My Mixed Feelings About Claudine Gay's Resignation
Our reactions to events are always arbitrary. Don't hold that against me.
What can feelings be, but mixed? Perhaps “ambivalent” would be a better word to describe it. I don’t have strong feelings about Harvard President Claudine Gay’s resignation, which is not to say she didn’t deserve it. But just because something is the right or just outcome doesn’t mean we need to have a strong instinctive reaction to it.
This is also incidentally why whatabout-ist arguments intended to deflect from outrage over Israel-Palestine irritate me: what we feel in response to news is particular to who we are as individuals.
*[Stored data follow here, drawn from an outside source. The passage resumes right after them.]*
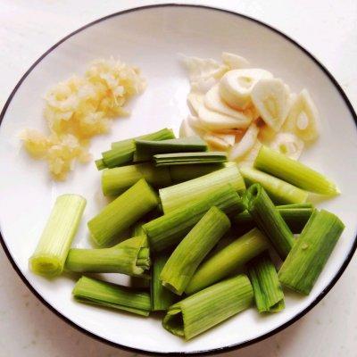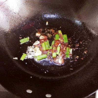 12、热锅凉油,下入蒜苗,姜末,蒜片,然后放一勺豆瓣酱,炒出红油。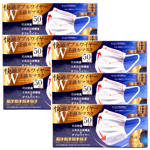快適 ダブルワイヤー不織布マスク 50枚入×6個(合計300枚入り) ふつうサイズ ホワイト 3次元立体構造 ヒロコーポレーション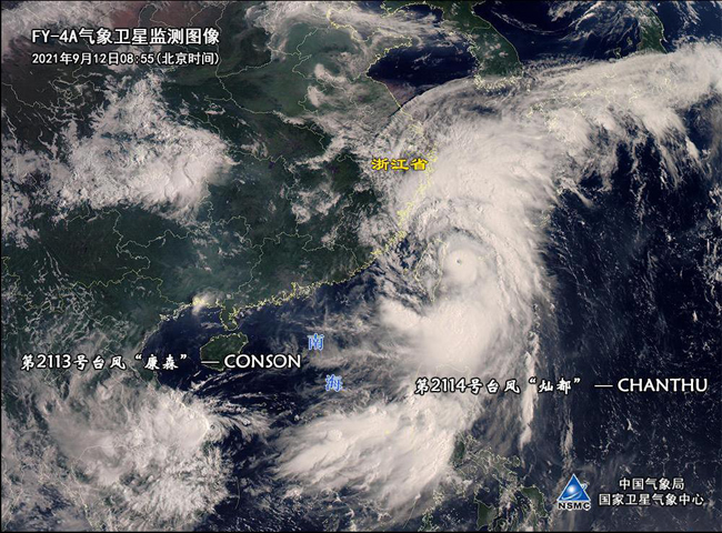 2021年9月12日08:55(北京时)台风“灿都”“康森”风云四号A星气监测云图。来源:国家卫星气象中心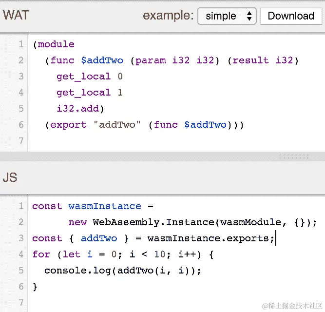 wat2wasm 的 Wat 和 JavaScript 加载代码的“simple”示例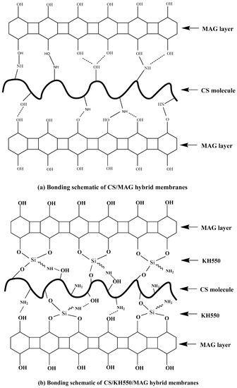 Figure 5 clearly shows the bonding schematics of both the CS/MAG and CS/KH550/MAG hybrid membranes. The CS/MAG hybrid membranes were combined via chemical bonds and hydrogen bonds, and so were the CS/KH550/MAG hybrid membranes. The coupling reaction of KH550 between MAG and CS made more complicated bonds and a stronger bonding force.

There is no accounting for taste, and there is no accounting—up to a point—about opinions. As I’ve said before, most people have at least 1 to 2 legitimately terrible opinions. I’m sure some of you can name mine.
Outrage, like everything in life, is selective. We can’t be angry about everything, so we have to be angry about some things rather than others. What we choose will always be somewhat arbitrary (although, in this case, it no longer is particularly arbitrary since Israel’s war in Gaza has, rather quickly, become one of the most destructive of the 20th century. Don’t take my word for it, here’s the reporting).
So don’t hold it against me that I can’t summon much joy or satisfaction in Harvard’s President’s resignation. She deserves it. Her plagiarism was a pattern. And that’s not really something you want to have in a university president, since it obviously doesn’t send an encouraging message to students who face disciplinary action, sometimes severe, for the kinds of things that Claudine Gay did.